> **Task item**
Your copy should hold only the lines from the one holding "And again, as" through the last line of the records below, both included, each exact and with no pictures.

> **Data extract**

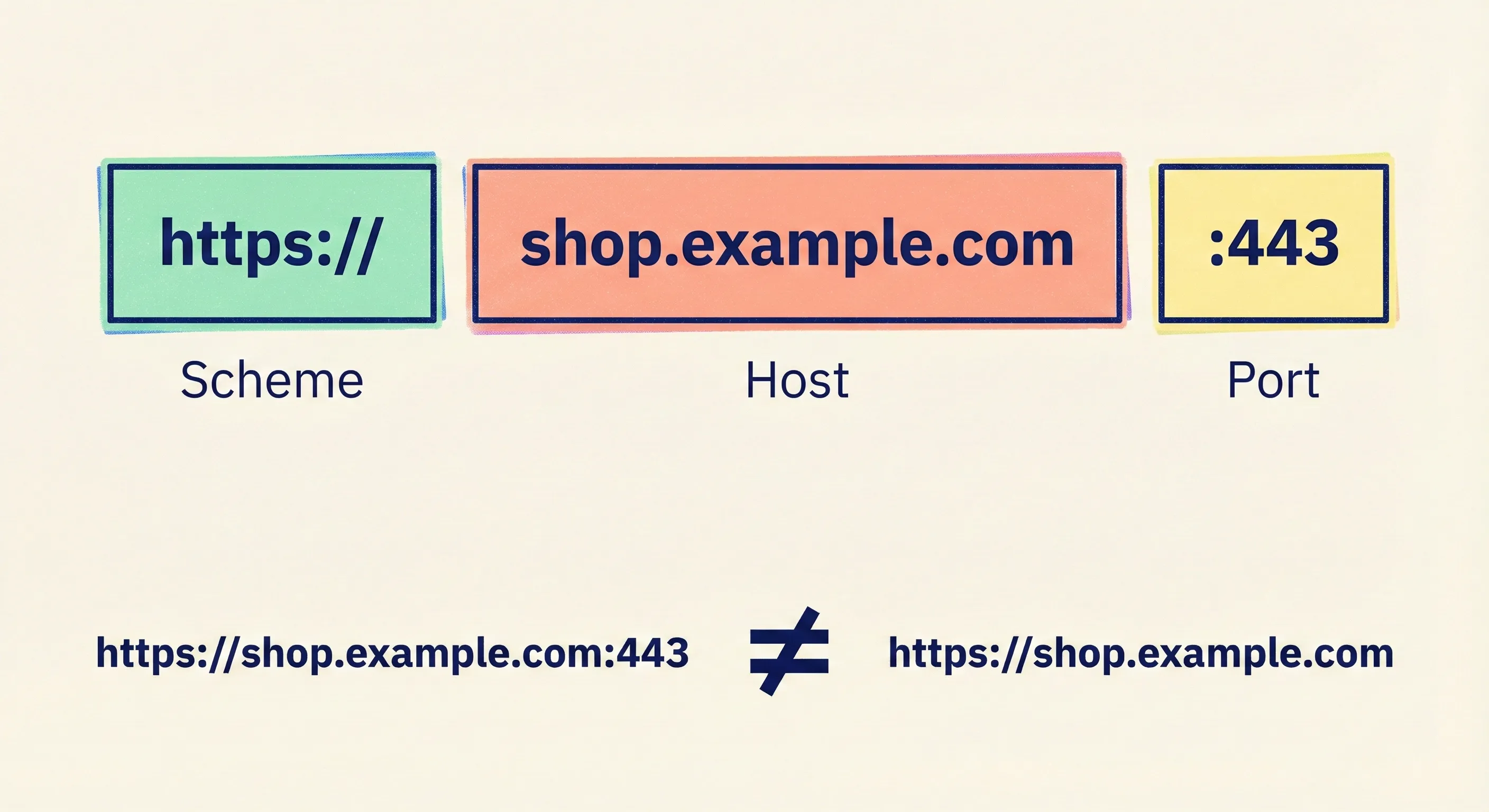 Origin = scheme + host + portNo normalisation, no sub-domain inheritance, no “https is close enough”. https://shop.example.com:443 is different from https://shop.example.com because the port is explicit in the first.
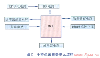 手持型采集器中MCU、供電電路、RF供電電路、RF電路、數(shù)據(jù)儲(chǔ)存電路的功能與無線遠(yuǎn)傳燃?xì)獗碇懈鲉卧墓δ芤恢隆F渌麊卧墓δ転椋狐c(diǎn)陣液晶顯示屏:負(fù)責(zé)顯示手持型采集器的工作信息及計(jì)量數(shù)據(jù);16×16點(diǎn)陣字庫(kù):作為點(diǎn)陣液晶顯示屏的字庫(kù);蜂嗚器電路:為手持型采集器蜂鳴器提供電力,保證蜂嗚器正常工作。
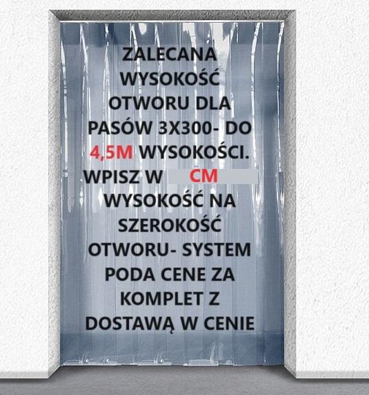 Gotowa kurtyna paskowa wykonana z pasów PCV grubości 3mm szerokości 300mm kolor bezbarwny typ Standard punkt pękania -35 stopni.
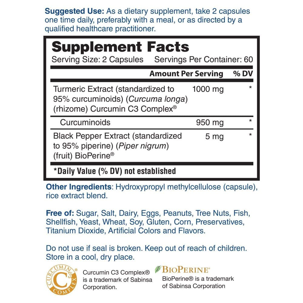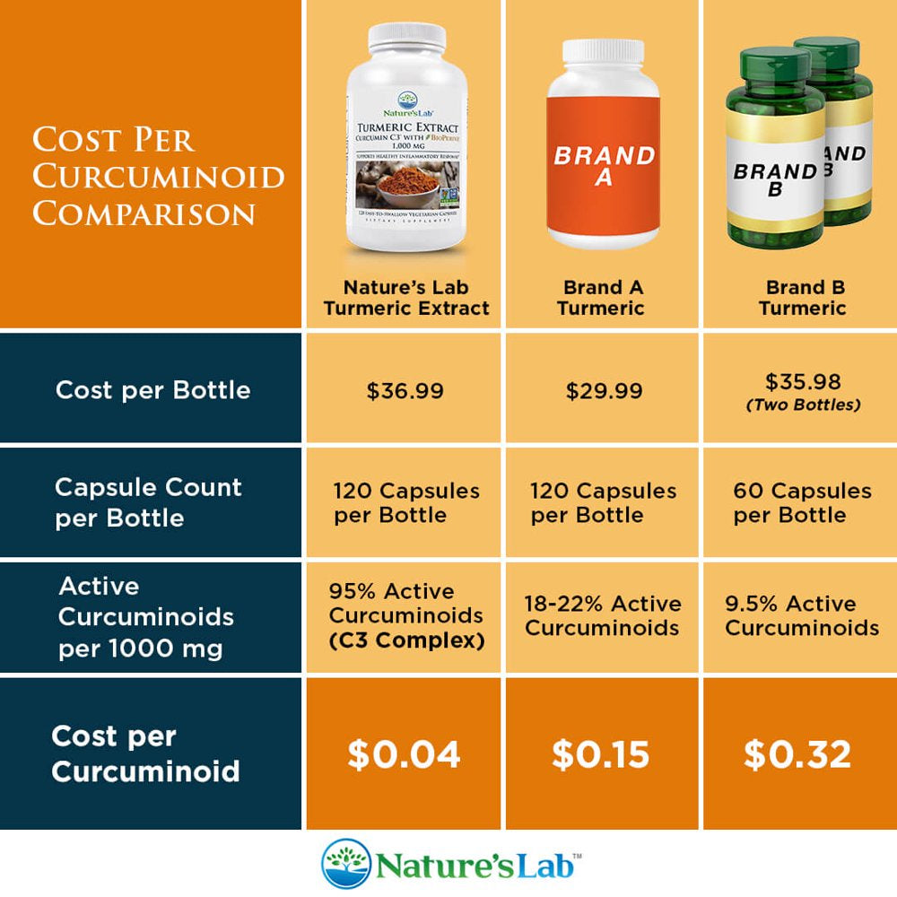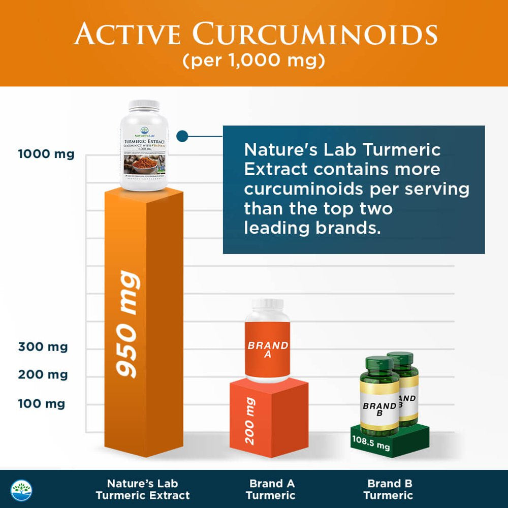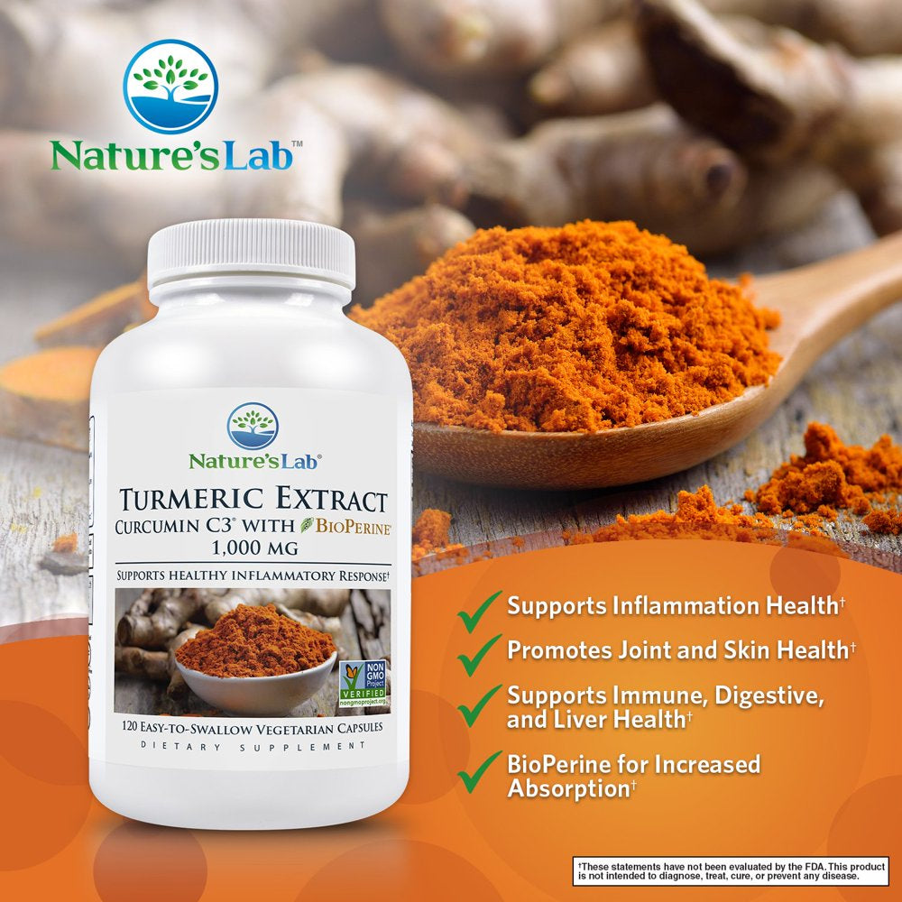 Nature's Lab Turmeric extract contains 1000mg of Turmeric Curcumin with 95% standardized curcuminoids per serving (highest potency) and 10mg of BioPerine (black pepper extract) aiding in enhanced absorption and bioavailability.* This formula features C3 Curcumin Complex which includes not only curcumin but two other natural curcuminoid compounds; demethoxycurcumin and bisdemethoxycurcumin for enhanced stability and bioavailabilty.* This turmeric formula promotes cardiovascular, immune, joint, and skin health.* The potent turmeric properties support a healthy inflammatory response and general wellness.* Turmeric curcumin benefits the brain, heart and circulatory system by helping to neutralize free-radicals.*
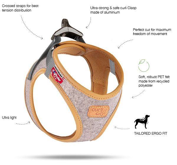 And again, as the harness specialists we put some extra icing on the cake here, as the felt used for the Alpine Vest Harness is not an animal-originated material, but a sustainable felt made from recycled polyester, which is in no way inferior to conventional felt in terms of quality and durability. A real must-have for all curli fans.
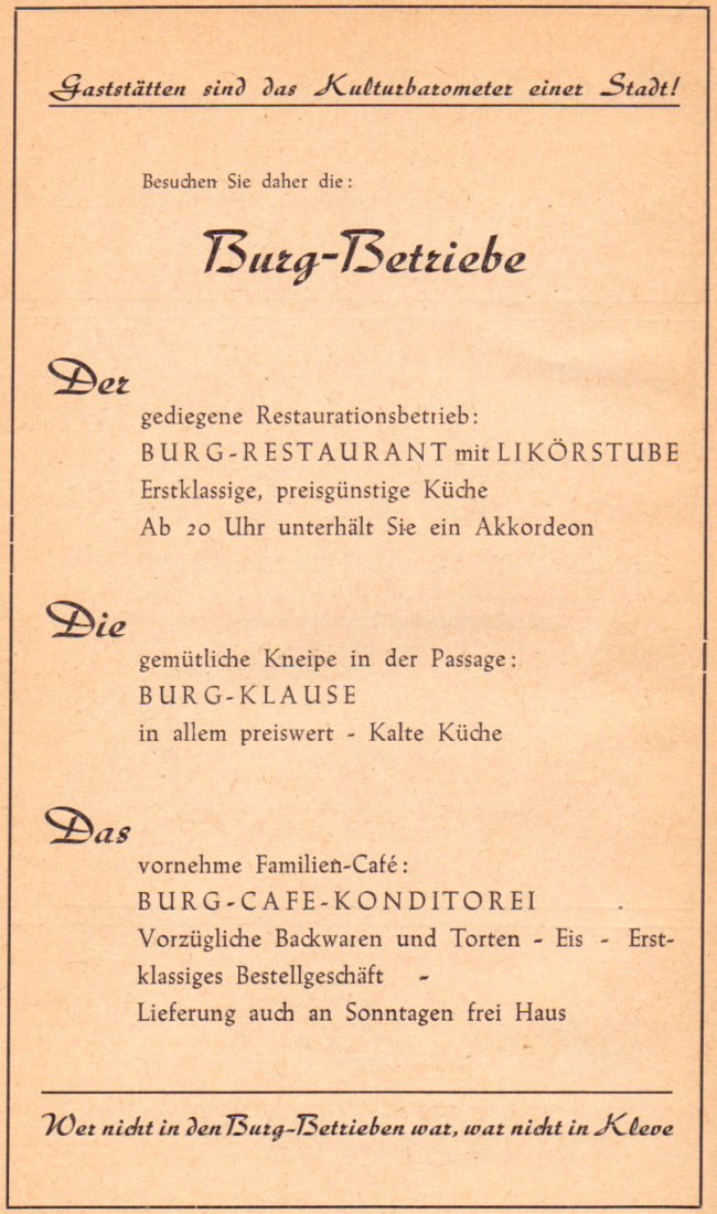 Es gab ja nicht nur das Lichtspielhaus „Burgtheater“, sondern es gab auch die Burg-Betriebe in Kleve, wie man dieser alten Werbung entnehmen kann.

> **Task solution**
 And again, as the harness specialists we put some extra icing on the cake here, as the felt used for the Alpine Vest Harness is not an animal-originated material, but a sustainable felt made from recycled polyester, which is in no way inferior to conventional felt in terms of quality and durability. A real must-have for all curli fans.
 Es gab ja nicht nur das Lichtspielhaus „Burgtheater“, sondern es gab auch die Burg-Betriebe in Kleve, wie man dieser alten Werbung entnehmen kann.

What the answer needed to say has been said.